Tendine danneggiato? Accusato il piede piatto

Solo apparentemente invincibile, il tendine d’Achille cede talvolta al forte stress prolungato, o a un trauma, e si rompe con un sonoro schiocco acustico, causando un dolore non sempre intenso, ma improvviso, e la difficoltà di movimento.

La rottura completa è solo la punta di un iceberg, perché questo grande elastico che unisce il calcagno al polpaccio può soffrire di infiammazioni e degenerazioni che conducono anche a rotture parziali. Sono le fastidiose tendinopatie, talvolta di difficile risoluzione e non immediatamente diagnosticabili, se affidate a mani inesperte. Tra le cause principali c’è un appoggio del piede alterato, il piede piatto (con eccesso di pronazione) o cavo (con eccesso di supinazione); condizioni che conducono il tendine ad assumere un assetto non fisiologico e quindi a soffrire di stress prolungato.

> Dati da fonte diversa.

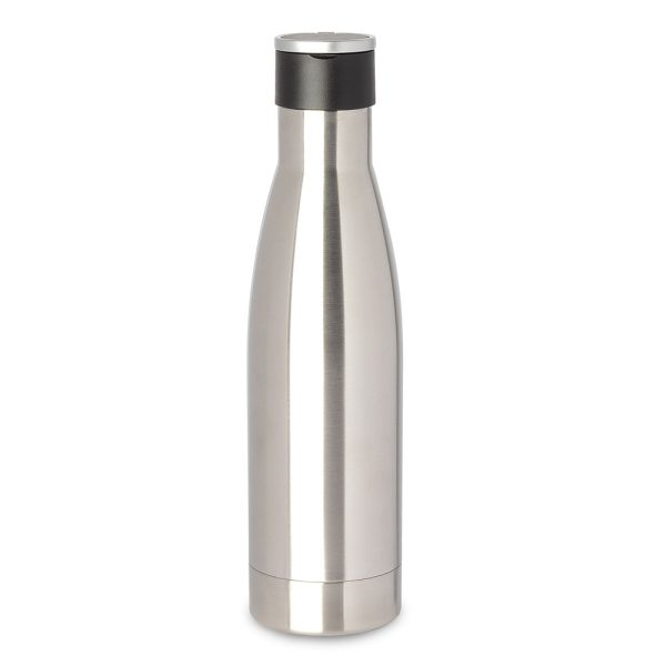 Garrafa térmica feita em inox 304 de parede dupla com capacidade de 500ml, tampa plástica com alça para transporte.

«Il principale sintomo è il dolore che si avverte quando si cammina o durante il gesto atletico. Per arrivare ad una diagnosi corretta occorre affidarsi ad un ortopedico esperto che, dopo avere esaminato il tendine e l’intero piede, può disporre esami di approfondimento, come l’ecografia, utile per valutare l’entità del danno degenerativo o infiammatorio, e solo in casi selezionati la risonanza magnetica» spiega l’ortopedico Francesco Ceccarelli, direttore della Scuola di specializzazione in Ortopedia e traumatologia dell’Università di Parma.

«Obiettivo della terapia è la sistemazione del piede, la sua compensazione intesa come riequilibrio e normalizzazione dell’assetto – aggiunge Ceccarelli – Per questo il medico ortopedico può prescrivere plantari su misura da inserire nelle calzature, che devono essere realizzati adeguatamente. Solo nei casi più complessi si procede invece con la correzione chirurgica delle deformità».

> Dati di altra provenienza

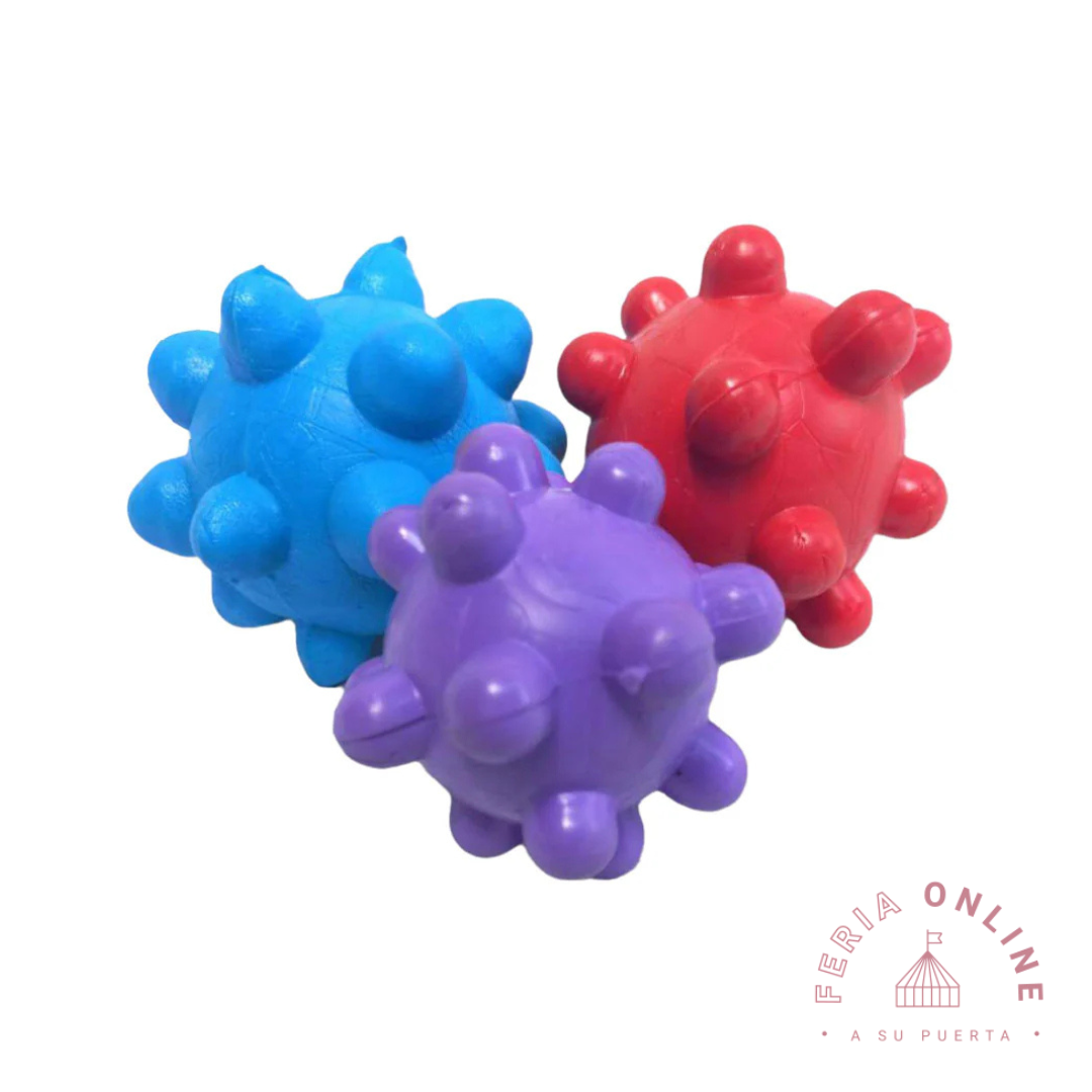 Pelota en forma de átomo, un juguete demasiado duradero y recomendado para perros de todas las razas y tamaños. El material macizo es el que se busca para esas mascotas que destruyen todos los juguetes. Está pelota con relieve redondo está diseñada para brindar horas de entretenimiento y ejercicio, no obstante, esta pelota es de una forma distinta y diferente a las demás pelotas, lo que hace llamar la atención en la mascota. Está hecho de un material resistente y duradero y no tiene partes cocas, lo que la hace segura para masticar y se adapta a todos los tamaños de perros, por lo tanto, es fácil de agarrar. Contamos con variedad de colores y tamaños, adicional a ello es un material que no es tóxico.

Se le tendinopatie sono appannaggio di tutti, le rotture complete invece avvengono soprattutto tra gli sportivi, tennisti e calciatori in massima parte, a seguito di forti traumi spesso indiretti o dopo scatti improvvisi, in particolare negli atleti con elevata potenza muscolare e deficit di coordinazione.

Difficile quantificare con esattezza quanto siano diffuse le rotture compete del tendine d’Achille, ma si stima che ogni anno costituiscano circa il 35% di tutte le rotture tendinee. Anche sulle cause che possono predisporre ad una rottura non ci sono dati certi; gli studi internazionali rilevano però l’esistenza di alcuni fattori predisponenti generali, come i trattamenti con antibiotici prolungati, le infiltrazioni locali di cortisone, la condizione di insufficienza renale o l’ipertiroidismo e le eventuali tendinopatie preesistenti, ma solo in minima parte.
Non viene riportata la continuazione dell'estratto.